I agree with the BDA, a badly judged message overall.

As regards MOT mechanics, well, a poor comparison to high-skills 5+ year University trained Dentists, unless of course Sarah Hurley makes ANNUAL dental/Oral cancer checks the maximum recall recommendation on the nhs and PAYS nhs dentists the same statutory fixed-fee as an MOT too, around £54 for such a dental examination, which is about DOUBLE current averages paid to NHS Dentists by HMG today, of course 😮

I could go on, but I’ll stop there to allow some reflection and reality to sink in……..

Yours feedbackingly,


Currently NHS Dentists are paid HALF

The CDO and NICE are correct. Recalls should be based on patient risk, not some old concept that disregarded risk and which was based on selling toothpaste.

There is no evidence that low risk patients benefit from a frequent visit to the dentist. Indeed, there is weak evidence that with the existing armamentarium of prevention, that high risk patients benefit from a frequent recall.

The flossing debacle in North America shows that dental services need to gravitate quickly to a firmer based of evidence. Otherwise, credibility and dental attendance are at stake.

Dear Ross,

There is NO evidence NICE or CDO are correct, because there is NO evidence any alternatives are better or worse!!

Absence of Evidence isn’t Evidence of Absence.

Thus is such circumstances, the examining DENTIST KNOWS BEST and even NICE version 2004, agrees THAT is best practice, given ghe absence of evidence for any recall interval !!!

Imagine that, Frontline PROFESSIONALS know best 😮

That’s the public message we need to get across clearly, be it nhs dentists in a rationed system or junior doctors in a meltdown situation or Nurses expected to be proxy-Medics to save money etc.

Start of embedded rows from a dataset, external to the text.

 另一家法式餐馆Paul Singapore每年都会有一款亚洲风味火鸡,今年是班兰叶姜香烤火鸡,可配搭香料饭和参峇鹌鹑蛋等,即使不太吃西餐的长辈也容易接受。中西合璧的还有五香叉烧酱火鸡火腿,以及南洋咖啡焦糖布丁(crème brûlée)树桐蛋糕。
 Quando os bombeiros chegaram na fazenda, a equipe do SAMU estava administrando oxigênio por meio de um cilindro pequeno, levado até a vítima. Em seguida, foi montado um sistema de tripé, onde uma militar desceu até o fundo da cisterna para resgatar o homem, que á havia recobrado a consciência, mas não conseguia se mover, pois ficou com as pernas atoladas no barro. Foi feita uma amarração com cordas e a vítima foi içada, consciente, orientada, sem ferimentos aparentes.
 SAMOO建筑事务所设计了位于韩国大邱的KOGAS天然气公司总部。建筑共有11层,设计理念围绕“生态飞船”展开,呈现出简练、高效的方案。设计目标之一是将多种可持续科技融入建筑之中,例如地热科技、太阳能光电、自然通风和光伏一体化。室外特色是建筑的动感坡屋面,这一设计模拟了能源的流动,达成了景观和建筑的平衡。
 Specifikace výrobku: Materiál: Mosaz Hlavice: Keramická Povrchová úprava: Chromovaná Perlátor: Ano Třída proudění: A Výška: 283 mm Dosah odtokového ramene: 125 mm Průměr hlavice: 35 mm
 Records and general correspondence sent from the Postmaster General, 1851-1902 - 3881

It’s time the public are told The Big Truth that nhs dentistry is limited and CANNOT meet everyone’s clinical needs – why it cannot even assure a basic Annual Oral Cancer + Dental Exam combined for all the population 😮

Yours still Candouringly,


I agree with Ross in part, but lets be clear this recent debacle is about on this and one thing only – Saving money.

The CDO was asked a perfectly legitimate question about the cost of NHS dentistry and how little the NHS actually contributes. The answer seems to be ‘well you use our services less’.

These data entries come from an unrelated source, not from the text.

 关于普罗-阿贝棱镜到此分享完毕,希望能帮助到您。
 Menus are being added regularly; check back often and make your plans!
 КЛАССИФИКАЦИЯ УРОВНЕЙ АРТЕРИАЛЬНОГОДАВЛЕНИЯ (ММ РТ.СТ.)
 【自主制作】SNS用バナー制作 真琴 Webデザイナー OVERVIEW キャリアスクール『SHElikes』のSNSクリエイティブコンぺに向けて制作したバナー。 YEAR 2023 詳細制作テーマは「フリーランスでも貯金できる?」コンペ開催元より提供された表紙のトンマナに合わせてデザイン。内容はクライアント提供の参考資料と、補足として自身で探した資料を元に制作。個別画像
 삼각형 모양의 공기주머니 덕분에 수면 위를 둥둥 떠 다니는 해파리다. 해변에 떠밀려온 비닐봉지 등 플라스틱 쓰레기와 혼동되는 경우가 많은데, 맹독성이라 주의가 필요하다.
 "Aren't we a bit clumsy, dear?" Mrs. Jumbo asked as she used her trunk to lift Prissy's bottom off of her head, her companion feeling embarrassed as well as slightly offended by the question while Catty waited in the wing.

I am disappointed to find the Chief Dental Officer comparing the dental check up to an MOT exam.
It is totally inappropriate to compare a full dental oral examination with an MOT and it serves to undermine the importance of each procedure in their own rights and also the expertise of the respective individuals whether a clinician or a highly qualified car engineer.

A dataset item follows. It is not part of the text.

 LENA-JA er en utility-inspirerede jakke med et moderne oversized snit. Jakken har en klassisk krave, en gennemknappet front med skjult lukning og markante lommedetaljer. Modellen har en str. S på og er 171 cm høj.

Also, given that an individual human being must be more valuable to society than an inanimate object like a car, surely, at the very least, the fee that the clinical earns should be the same?

Mouth and throat cancers are on the increase in this country and should be checked for at least yearly. Risk assessments are totally irrelevant here. There are many people who lead ‘perfect’ life styles who still went on and developed cancer and died three months later. Risk assessment only serve to give an idea of how to minimise the potential of developing caner, it does not say it will prevent it. Given the latter, minimal check ups should be one year.